Publication date: January 2018
Source:Biomaterials, Volume 150
Author(s): Yudong Song, Cui Tang, Chunhua Yin
Arginine and α-tocopherol succinate (α-TOS) double grafted N-trimethyl chitosan chloride (TMC) nanoparticles (TAS NPs) were designed and developed for effective co-delivery of doxorubicin (DOX) and Survivin shRNA-expressing pDNA (iSur-pDNA).
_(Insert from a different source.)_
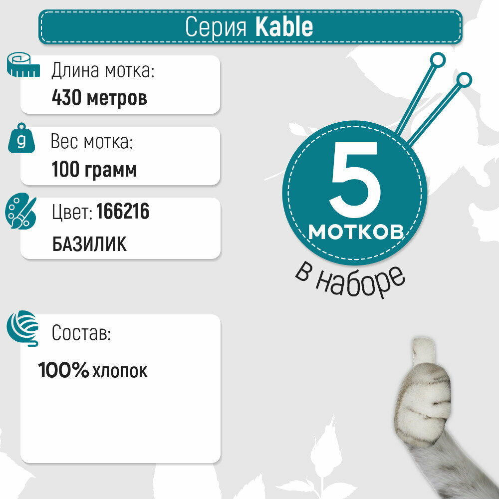 СохранитьПряжа для вязания Семеновская пряжа (Kable) Кабле, хлопок 100%, зеленая 5 шт. цвет 166216 интересное:
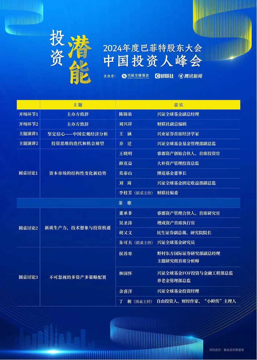 兴证全球基金联手财联社、腾讯新闻共同举办的2024年度巴菲特股东大会·中国投资人峰会,正同时迎接奥马哈时刻的到来,此次峰会将在中国上海和美国奥马哈联动举办。

With DOX loading into the hydrophobic core and iSur-pDNA combining to the hydrophilic shell, TAS/DOX/pDNA NPs demonstrated favorable structural stability and sustained release properties in vitro. With the special non-clathrin-dependent endocytosis, TAS/DOX/pDNA NPs presented higher cellular uptake and mainly distributed in ER and Golgi rather than lysosomes following internalization. The in vitro nuclear localization, gene silencing efficiency, cell apoptosis, and growth inhibition of tumor cells were significantly promoted by arginine modification. In the tumor-bearing mice model, TAS/DOX/pDNA NPs possessed the maximum antitumor efficiency as compared with single delivery of DOX or iSur-pDNA. Particularly, blank TAS NPs were selectively be toxic to tumor cells as evidenced by their capabilities to inhibit proliferation and induce apoptosis of tumor cells. The promising tumor treatment of TAS/DOX/pDNA NPs via a multiple synergistic manner arising from DOX and pDNA as well as the vectors would provide a potential strategy for a dual-delivery system to improve their therapeutic efficacies.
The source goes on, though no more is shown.